We compared the characteristics of independent board leaders at 50 top-performing S&P 500 companies against those at the 50 worst-performers, based on total shareholder returns over a 3-year period. Surprisingly few differences emerged, suggesting qualitative factors play a bigger role than age, board tenure, or other past experiences. 

What makes a great board leader – and how do you know?

When US boards look for a new non-executive leader – or a director candidate who could fill that role when the time comes – they often try to identify ideal candidates by looking at backgrounds and experiences. It is a worthwhile endeavor, as the independent leader has an outsized influence on how effective a board is. Russell Reynolds Associates’ 2016 Board Culture survey showed that the strength of the chair was the single biggest differentiator between the most and least effective boards. However, what is often unclear is how closely the shorthand criteria used to select a chair actually relate to a board’s subsequent performance.

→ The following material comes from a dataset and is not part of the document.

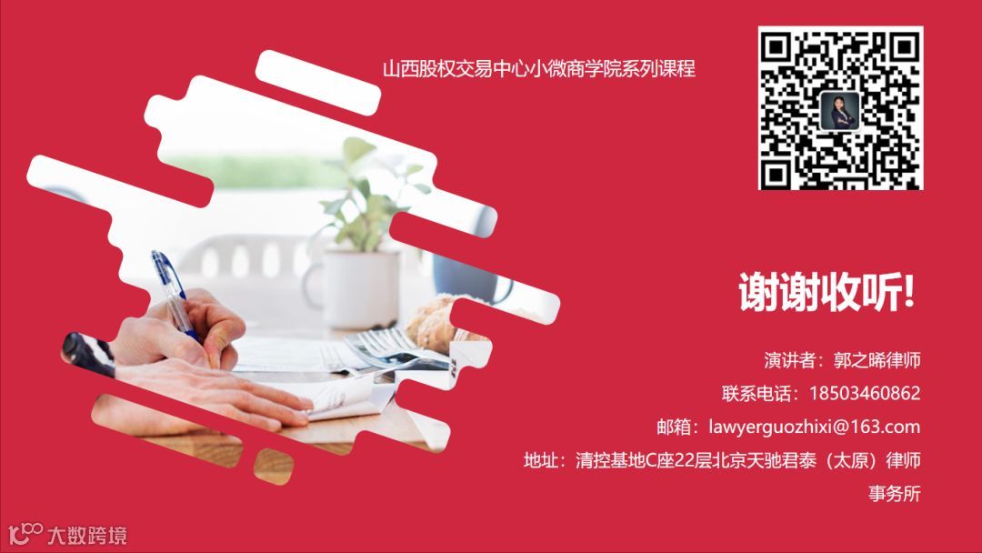郭之晞:山西股权交易中心小微商学院讲师,毕业于中国政法大学,目前就职于北京天驰君泰(太原)律师事务所,合伙人律师。
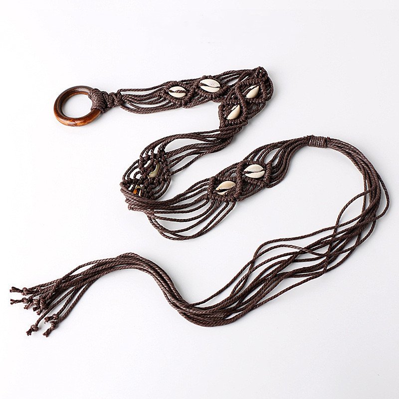 Ethnic Style Woven Wide Belt Women’s Dress Casual All-match Decorative Tassels Rope Waist Chain Bohemian Accessories

To get a better sense of whether there are tangible aspects that define great board leaders in the US, we ranked S&P 500 companies based on their returns to shareholders over a three-year period and closely analyzed the independent board leaders – chairs or lead directors – for the top 50 and bottom 50 performers. We considered previous roles, tenure on the board, age and compensation of the independent board leaders.

What we learned is that there is a surprising lack of measurable difference between the two groups. Looking at both medians and averages, the leaders of both top and bottom performers were nearly identical in just about every variable we studied.

So, what does matter in identifying a good candidate to lead the board? The results make it clear that it’s not what a director has done earlier in their career, or how long they have been a director, but how they act in the boardroom.

When a board is choosing a lead director or independent chairman from among its members, “you’re looking at the style and characteristics of a fellow director: how active they are on the board, how they interrelate with other members of the board and the CEO, and their ability to lead, particularly when it comes to drawing out quieter members,” said Charles A. Tribbett III, co-head of Russell Reynolds Associates’ Board & CEO Advisory Group.

In this report, we will take an in-depth look at which factors are most important to weigh when it comes to board leader performance and provide a framework for boards to use when planning a transition.

Digging into data

Measuring a board’s performance is a difficult and imprecise exercise. Non-financial metrics, such as board composition, committee structure, or number of meetings attended are relatively easy to track, but do not always translate into meaningful results. Financial performance such as profit growth or investment returns are more to the point, but they hinge on any number of factors beyond the board’s control, from industry dynamics to operational efficiencies to the willingness of a CEO to listen.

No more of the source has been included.